O parlamentar também acusou o governo de negligenciar a tropa da Polícia Militar.

“Tu deve odiar a profissão de policial militar. Não paga data-base, promoção, auxílio, fardamento. Ainda tirou a lei de curso”, afirmou.

Durante o pronunciamento, Salazar mencionou o aumento da violência em municípios do interior, como Coari e Envira, e criticou a atuação da Secretaria de Segurança Pública (SSP-AM).

“Os municípios estão tomados por facções. Em Envira, tocaram fogo em casas e ônibus, e o efetivo é de apenas quatro policiais. O secretário vai, faz operação para a foto e vai embora. Continua tudo igual”, denunciou.

O vereador também cobrou investigações sobre contratos tecnológicos da pasta.

“Meu sonho é que a Polícia Federal investigue esses contratos de tecnologia, vocês iam pegar muito ‘mingau’. Já denunciei no Ministério Público e no Tribunal de Contas”, afirmou.

Salazar finalizou ironizando o governador, que, segundo ele, estaria usando eventos públicos para autopromoção política.

“Perto da eleição, fazem festa para entregar carteira de identidade e se promover politicamente. Eu teria vergonha na cara. E o atraso de vida ainda quer ser senador, uma imundície dessa”, destacou.

O vereador Rodrigo Guedes (PP) também se manifestou, reforçando as críticas à falta de valorização dos policiais e aos altos índices de violência no estado.

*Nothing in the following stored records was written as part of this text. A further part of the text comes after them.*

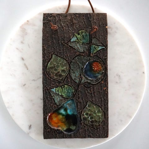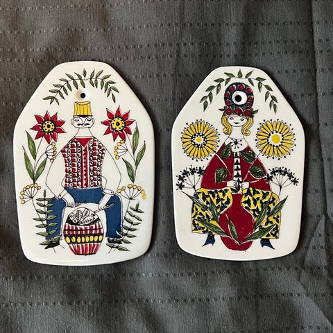 To smukke vægplatter af den Norske designer Turi Gramstad Oliver, en mand og en dame smukt malet, af keramik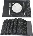 YELONA Rectangular Pack of 6 Table Placemat (Black, PVC)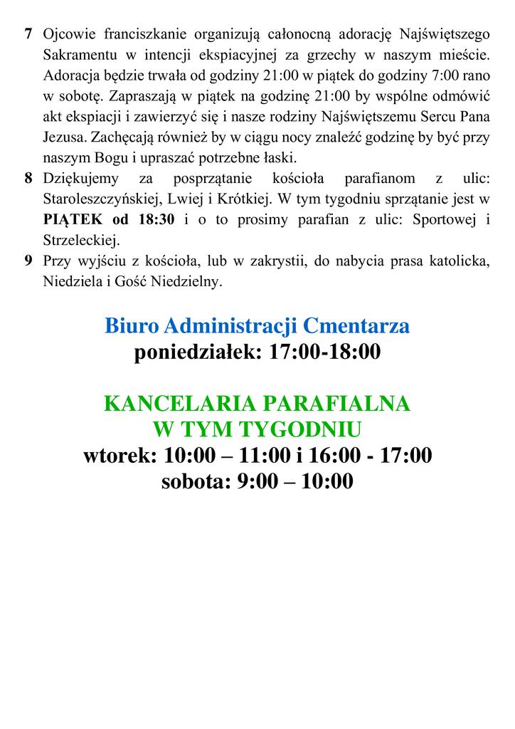 Dziękujemy za posprzątanie kościoła parafianom z ulic: Kurpińskiego i Głowackiego. W tym tygodniu sprzątanie jest w PIĄTEK o 18:30 i o to prosimy parafian z ulic: al. PCK, Kolejowej i Towarowej.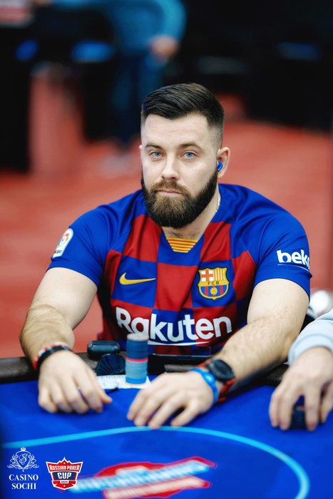 Стол 1. За тем же столом сыграли такую. Данил Вахрушев открылся с ранней с , уравняли двое за ним, а также Дмитрий Атаков на SB с и Николай Фаль на BB.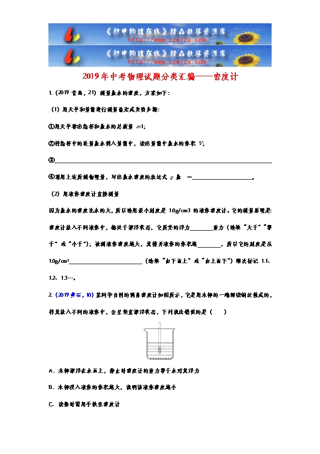 【内容简介】1.(2019 青岛,21)测量盐水的密度,方案如下: (1)用天平和量筒进行测量请完成实验步骤:①用天平称出烧杯和盐水的总质量 m1;②将烧杯中的适量盐水倒入量筒中,读出量筒中盐水的体积 V;③ ④利用上述所测物理量,写出盐水密度的表达式 ρ 盐 = 。(2)用液体密度计直接测量因为盐水的密度比水的大,所以选用最小刻度是 1.0g/cm3 的液体密度计。它的测量原理是:密度计放入不同液体中,都处于漂浮状态,它所受的浮力 重力(选填“大于”“等于”或“小于”);被测液体密度越大,其排开液体的体积越 ,所以它的刻度是从 1.0g/cm3 (选填“由下而上”或“由上而下”)顺次标记 1.1、1.2、1.3…。2.(2019黄石,10)某同学自制的简易密度计如图所示,它是用木棒的一端缠绕铜丝做成的,将其放入不同的液体中,会呈竖直漂浮状态,下列说法错误的是( )
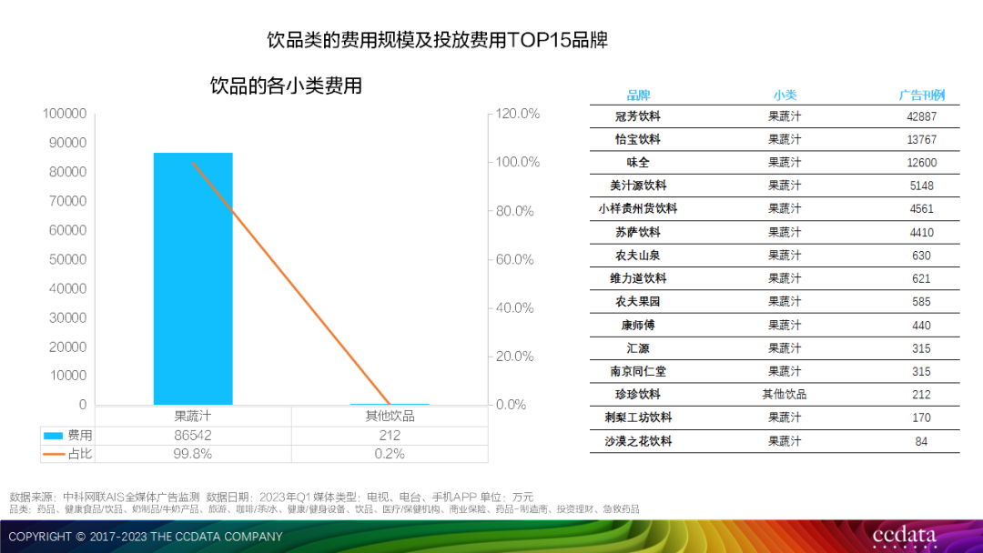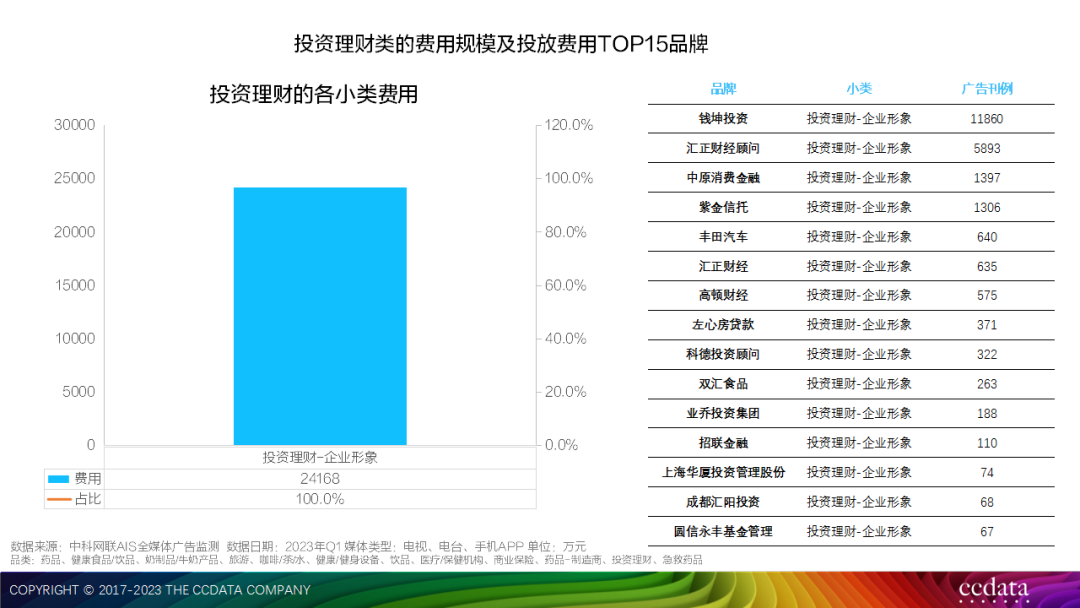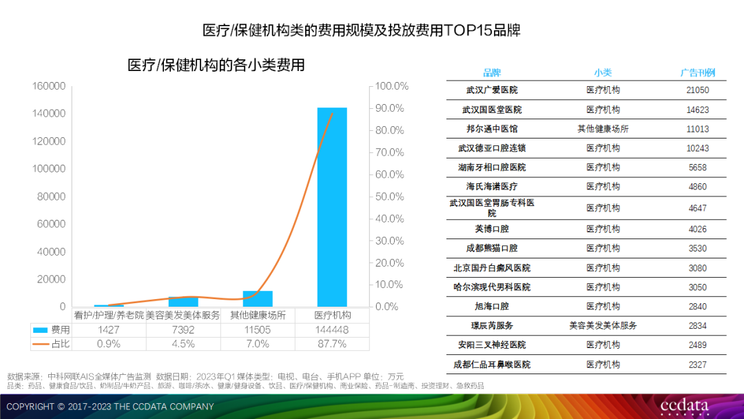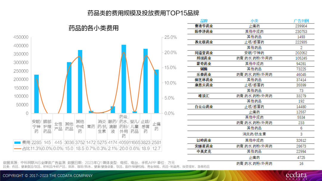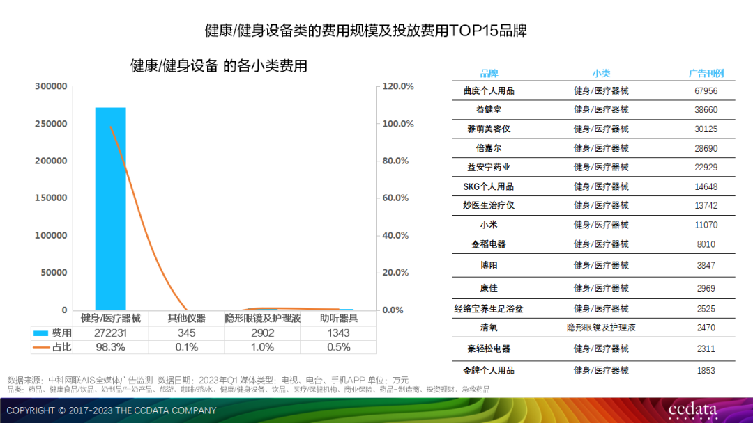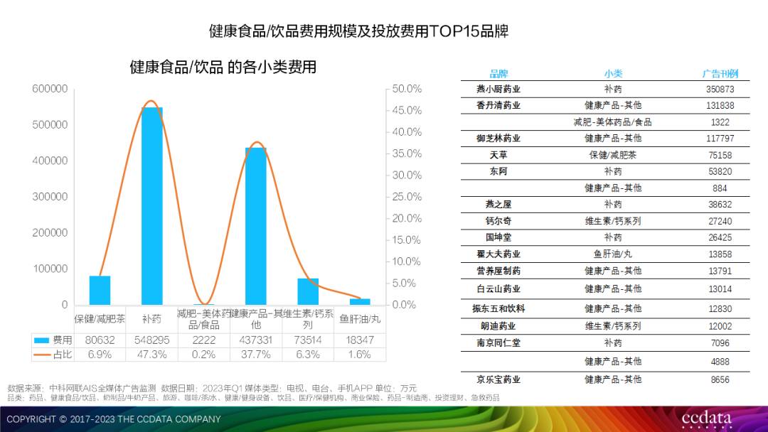 中科网联:2023年第一季度银发人群品牌市场投放分析 随着大众对于美好生活的向往日益增加,银发群体也愈益重视生活质量,对于面向银发群体的产品购买和使用体验都有了更高的要求。中科网联AIS全媒体广告监测数据显示,与银发消费相关的12大品类在2023年Q1投放刊例总金额超500亿元。本文通过分析银发人群类品牌的广告投放花费数据,帮助广告主、品牌方了解广告投放趋势及渠道选择。 更多阅读:中科网联:2022年11月全国网收视月度盘点中科网联CCData:2023年4月全国网收视月度盘点中科网联:2022年9月全媒体广告市场投放盘点中科网联:2022年9月全国网收视月度盘点中科网联:2022年10月全国网收视月度盘点CTR:中小城市青年观众电视收视特征简析Lexington Law:美国的千禧一代对股市并不“感冒”专业至上,价值为王:知识问答类产品用户需求洞察报告货拉拉:95后的货车人生DT财经:2021年Z世代兴趣调查中国电影海外网络受众接受度的实证研究:2021年度中国电影国际传播调研伟大航路咨询:元气森林用户研究报告企鹅智库:2020-2021智能手机消费趋势与用户忠诚/流失度报告新能源汽车用户画像浅析特殊时期的消费:疫情对全国&湖北网民消费影响报告

“Governador Wilson Lima, o Amazonas está entre os estados mais violentos do Brasil. E Manaus, infelizmente, está entre as capitais mais violentas do país e até do mundo”, destacou.

Guedes reconheceu avanços pontuais na redução da criminalidade, mas afirmou que o cenário geral continua preocupante.

“Tivemos reduções nos índices, mas ainda estamos entre os mais violentos. Isso se deve à desvalorização do profissional de segurança pública, que está na ponta, combatendo a criminalidade. Câmeras e tecnologias são importantes, mas quem faz segurança é o policial”, afirmou.

O parlamentar apresentou dados sobre atrasos e perdas salariais da categoria:

“Os policiais do Amazonas não tiveram as datas-base de 2021, 2022 e 2025 pagas. Há defasagem de 13,75%, e o auxílio-fardamento não é pago desde 2022. O auxílio-alimentação está congelado em R$ 500 desde 2018”, criticou.

Rodrigo Guedes também cobrou que o governo cumpra suas obrigações com a tropa, lembrando que o orçamento estadual permite a recomposição.

“O orçamento de 2026 será de R$ 37,6 bilhões, e o de 2025, quase R$ 32 bilhões”, disse.

Segundo ele, a falta de valorização compromete diretamente a segurança pública no estado.

“Enquanto o policial não for reconhecido e valorizado, Manaus e o Amazonas vão continuar entre os piores índices de segurança pública do país e do mundo”, concluiu.